There are five best practice areas for security in the cloud:

Identity and access management
Detective controls
Infrastructure protection
Data protection
Incident response

Securing your hybrid network includes identifying security incidents, protecting your systems and services, and maintain the confidentiality and integrity of data through data protection. Unauthorized access to systems can cause financial loss and loss of compliance with regulatory obligations. Before creating a hybrid network, we recommend having a well-defined and practiced process for responding to security incidents.

The AWS Shared Responsibility Model enables organizations that adopt the cloud to achieve their security and compliance goals. Because AWS physically secures the infrastructure that supports our cloud services, AWS customers can focus on using services to accomplish their goals. The AWS also provides greater access to security data and an automated approach to responding to security events.

In this section, we provide principles that help you strengthen your system’s security and hybrid networking workloads, it’s expected that you will also be following the security best practices of the AWS Well-Architected Framework whitepaper.

Identity and access management

Deploying hybrid networking requires the creation of constructs that must be controlled to prevent unauthorized access to your VPCs and services. To secure and control access to your hybrid networking environment, it's important to consider the roles and responsibilities of your teams managing and operating your workloads using the principle of least privilege. Additionally, it’s important to isolate your networking services and implement separation of duties between the network specialists and application owners. Regardless of your operating model, this will allow the different teams to have required access to network services based on their roles. For example, it's best practice to create a separate Central Networking cloud account managed by the networking specialist team to centrally manage network policies, gateways and internet-based VPN and dedicated Direct Connect connections. Separation of accounts will prevent your application teams from negatively impacting your hybrid network.

HN_SEC1: How do you control access to your resources and workloads across your Hybrid networking environment?

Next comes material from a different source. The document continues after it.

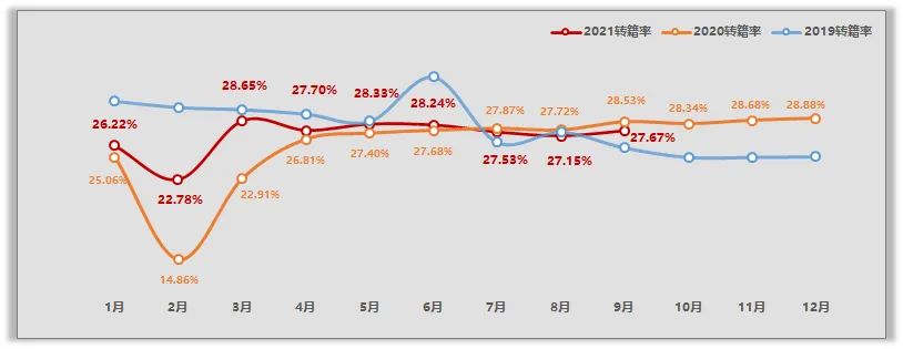 中国汽车流通协会: 2021年9月二手车市场简析 2021年9月二手车市场整体表现 2021年9月,全国二手车市场交易量157.53万辆,交易量环比增长5.14%,较去年同期增长7.44%,同比增速与19年同期基本持平。交易金额为1040.28亿元。9月份二手车行业开始进入旺季,在中秋、国庆叠加的超长假期作用下,国内自驾出行需求量激增,二手车市场在从第三周开始逐渐走强,消费能力会得到集中释放。另外,9月份虽有局部地区出现疫情反复的情况,但并未流向其它省份,造成大面积扩散,因此并未给二手车市场代来明显的影响。具体来看,本月乘用车情况:基本型乘用车共交易93.84万辆,环比增长4.11%,同比增长6.1%;SUV 共交易18.32万辆,环比增长10.03%,同比增长35.95%;MPV共交易9.16万辆,环比增长4.4%,同比增长10.47%;交叉型乘用车共交易3.90万辆,环比增长12.36%,同比增长19.67%。本月商用车情况:客车11.10万辆,环比增长3.14%,同比下降13.76%;载货车13.07万辆,环比增长3.41% ,同比下降6.66%。 同时9月份的二手车市场也呈现出一些结构性的市场特征:第一,新车市场芯片问题导致的新车供应不足降低了车辆的置换率,二手车收车价格上涨、成本增加传导至终端市场价格也随之上扬。第二,从车龄结构来看,3年以内的准新车在本月的市场份额增长了2个百分点。第三,商用车同比降幅明显增大,其主要原因在于第一受新车商用车市场拖累,价格急剧下跌从而传导到二手车市场购方企业观望情绪浓厚。第二是二手商用车主要用于生产资料的使用,特别是以交通、运输、旅游为主要业务,今年受散点多发的疫情影响较大。 2021年9月六大区域情况分析 2021年9月六大区域二手车交易量 2021年9月六大区域交易量增速 2021年9月,全国六大区中仅华北地区环比为负增长,其他区域环比均为正增长。其中中南地区增长最为明显,环比均增长了14.52个百分点,二手车交易量为44.28万辆;其次是西南地区环比增长了9.96%,共交易了23.23万辆;西北地区环比增长了4.66%,共交易,8.27万辆;华东和东北两个地区环比小幅增长,分别交易了51.99万辆和10.63万辆。华北地区环比下降4.18%,共交易二手车19.14万辆。 2021年跨区域流通情况 9月二手车转籍比例为27.67%,转籍比例较去年同期下降了0.85个百分点。环比上月增长了0.52个百分点。 2021年1-9月二手车市场整体表现 2021年1-9月全国累计交易二手车1296.68万辆,同比增长35.34%。其中,基本型乘用车共交易782.75万辆,同比增长37.34%;SUV共交易141.86万辆,同比增长55.58%;MPV共交易75.29万辆,同比增长34.12% ;交叉型乘用车共交易29.55万辆,同比增长27.22%;客车98.79万辆,同比增长18.22%;载货车108.79万辆,同比增长22.01%。从第二季度开始,去年同期的“低基数”影响逐渐减缓,1-9月各分车型增速相比1-8月均有明显回落。 今年第三季度,二手车交易量为453.26万辆,较去年同期增长11.52%,同比增速与2020年相比增加了2.36个百分点。三季度在经历了疫情的反复叠加各地极端恶略天气的影响仍然保持两位数的增长,说明二手车市场自身的韧性及支撑力都较强。因此,对于四季度的预期继续向好,全年预计达到1600万辆的交易规模。 更多阅读:中国汽车流通协会:2021年1月全国二手车市场深度分析中国汽车流通协会:2022年2月全国二手车市场深度分析中国汽车流通协会:2022年3月全国二手车市场深度分析中国汽车流通协会:2022年3月全国二手车市场深度分析中国汽车流通协会:2019年9月二手车市场详细分析中国汽车流通协会:二手车市场走势特征分析中国汽车流通协会:2022年9月全国二手车市场深度分析中国汽车流通协会:2020年4月二手车市场深度分析中国汽车流通协会:2019年二手车市场概况及形式分析【上】中国汽车流通协会:2019年2月全国二手车市场分析中国汽车流通协会:2020年3月份国内狭义乘用车市场销量达104.5万辆 同比下降40.4%中国汽车流通协会:2020年4月中国进口汽车市场月报中国汽车流通协会:2020年第一季度豪华品牌新增授权4s店57家 退网4s店41家中国汽车流通协会:2022年4月中国汽车保值率报告中国汽车流通协会:2024年6月全国二手车市场深度分析

AWS recommends implementing a landing zone, which is a preconfigured, secure, scalable, and multi-account AWS environment based on best practice blueprints. AWS Control Tower can automate the provisioning of your landing zone and accounts and help you manage the level of separation. AWS Control Tower provides an initial set of guardrails to help enhance the security of your overall AWS environment.

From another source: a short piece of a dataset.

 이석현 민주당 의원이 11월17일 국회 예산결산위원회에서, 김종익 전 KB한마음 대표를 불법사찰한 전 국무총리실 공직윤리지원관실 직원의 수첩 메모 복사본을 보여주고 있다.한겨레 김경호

The following reference architecture diagram shows an example of a central Networking account which hosts all of the hybrid networking resources and enables demarcation of network administrative boundaries. There are additional AWS accounts owned by the various application teams for example, production account, staging account, and dev account, some are associated to the central networking account for hybrid connectivity. Hybrid networking constructs such as Direct Connect connections, Direct Connect gateway, Networking services, Shared VPCs, and Transit Gateway resources should be deployed in the Central Networking account. In order to share AWS Direct Connect connectivity with the rest of your Landing Zone, you can share the Transit Gateway through RAM with VPCs that reside in other accounts.

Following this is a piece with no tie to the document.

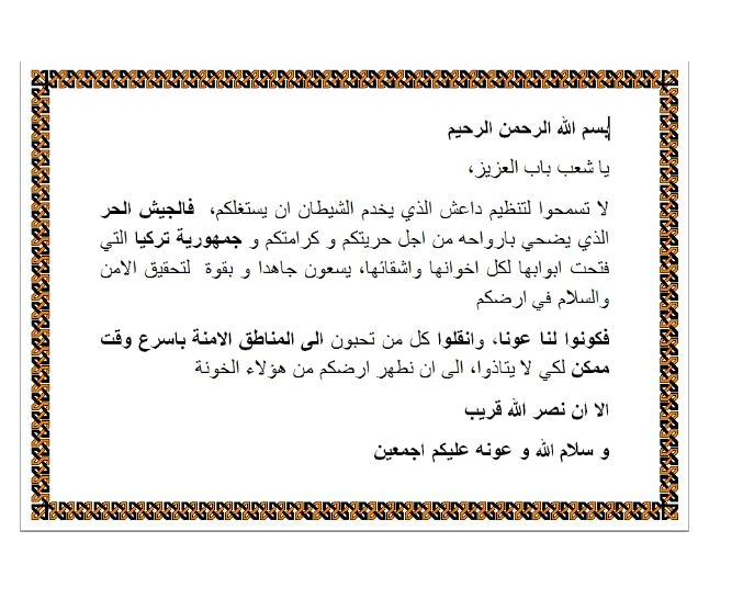 Türk Silahlı Kuvvetleri Fırat Kalkanı Harekatı kapsamında El Bab bölgesinde yaşayan sivillere uçaklardan bildiri dağıtıldığını açıkladı. Dağıtılan bildiride, "bize yardımcı olun ve bizler topraklarınızı bu hainlerden temizleyene kadar zarar görmemeleri için sevdiklerinizi en kısa sürede güvenli bölgelere taşıyın. Zafer Allah'ın izni ile yakındır" denildi. TSK'nın El Bab'a uçaklardan dağıttığı bildiri şöyle:" Bismillahirrahmanirrahim; değerli El Bab halkı,şeytana hizmet eden deaş terör örgütünün sizleri kullanmasına izin vermeyin. sizlerin özgürlük ve felahı için hayatını ortaya koyan özgür suriye ordusu ve kardeşlerine her zaman kapısını açan türkiye cumhuriyeti, topraklarınıza huzuru ve güveni getirmek için tüm gücüyle çaba sarfetmektedir. Bize yardımcı olun ve bizler topraklarınızı bu hainlerden temizleyene kadar zarar görmemeleri için sevdiklerinizi en kısa sürede güvenli bölgelere taşıyın. zafer allah'ın izni ile yakındır. Allah'ın selamı ve desteği üzerinize olsun."

This image shows a sample architecture that shows how you can share the Transit Gateway through RAM with VPCs that reside in other accounts in order to share Direct Connect connectivity with your Landing Zone

Sample architecture for AWS hybrid network connectivity using Transit Gateway

In a hybrid networking environment, the networking and security teams may share some of the responsibilities for securing network boundaries. To implement the principle of least privilege for example, the networking and/or security teams should have control over creating and modifying resources to enable hybrid connectivity while the developer teams should not have permissions to create or make changes to any network or security settings defined by the networking or security teams. The networking team should own the management of circuits as well as the provisioning of private dedicated Direct Connect virtual interfaces and/or internet-based Site-to-Site VPN connections, even though the development teams have dependencies on the various shared networking resources.

Sensitive APIs for setting up hybrid connectivity for example, the creation and deletion of AWS resources such as Direct Connect virtual interfaces, Transit Gateway, Direct Connect Gateway, and Direct Connect Gateway associations should be restricted to the networking account and specialists. If most Hybrid Networking connections are established with these APIs from specific networks or geographic areas, you should restrict access to hybrid networking connections based on location where possible. For example, AWS Direct Connect APIs which support resource-based access policies based on the CIDR range or source IP address. This can isolate network access to a given Direct Connect resource from only the specific VPC within the central networking account. For more information, refer to AWS Direct Connect resource-based policy examples. Additionally, the networking teams should own all of the API calls for creation and deletion of connections while the application teams should be allowed to use describe calls for APIs on the hybrid network resources. Direct Connect supports specific actions, resources, and condition keys. To learn about all of the elements that you use in a JSON policy, refer to IAM JSON Policy Elements Reference in the IAM User Guide.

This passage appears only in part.